EXERCISE: Copy the records below exactly, starting at the line that contains "Vagtskiftet ved Marselisborg" and ending at the line that contains "Beautiful. Very colorful."; leave out any pictures.

EXERCISE MATERIALS:
○ ○ ○ ○ ○
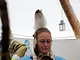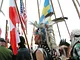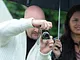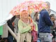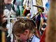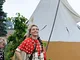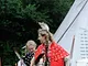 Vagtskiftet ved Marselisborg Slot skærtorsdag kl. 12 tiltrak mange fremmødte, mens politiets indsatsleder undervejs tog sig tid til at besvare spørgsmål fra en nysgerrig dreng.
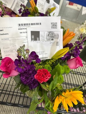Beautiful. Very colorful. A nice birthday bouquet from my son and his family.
○ ○ ○ ○ ○
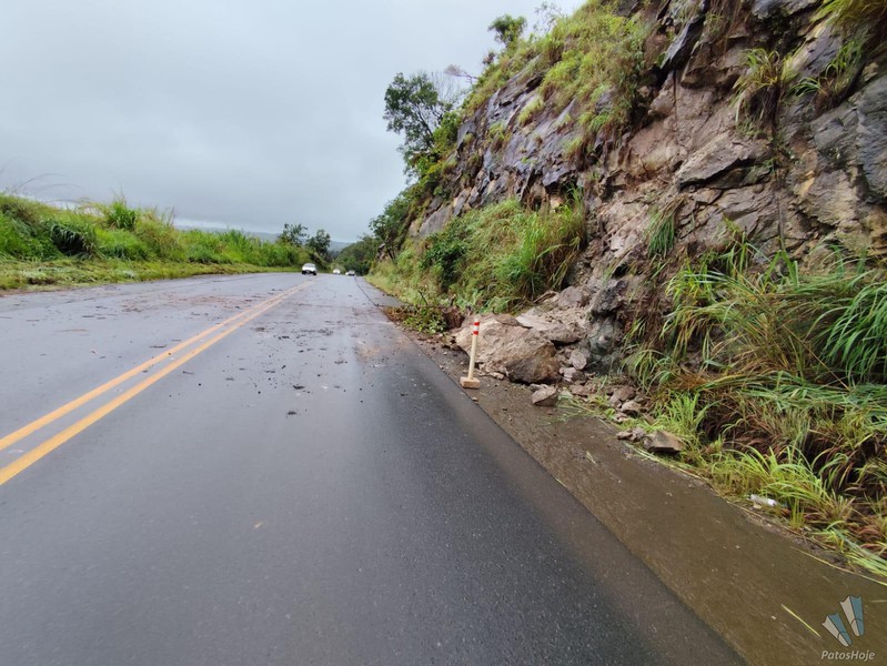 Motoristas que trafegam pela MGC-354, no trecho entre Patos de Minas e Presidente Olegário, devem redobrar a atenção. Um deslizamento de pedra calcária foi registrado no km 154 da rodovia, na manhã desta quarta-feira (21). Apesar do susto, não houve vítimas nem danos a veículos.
○ ○ ○ ○ ○
YOUR SOLUTION:
 Vagtskiftet ved Marselisborg Slot skærtorsdag kl. 12 tiltrak mange fremmødte, mens politiets indsatsleder undervejs tog sig tid til at besvare spørgsmål fra en nysgerrig dreng.
Beautiful. Very colorful. A nice birthday bouquet from my son and his family.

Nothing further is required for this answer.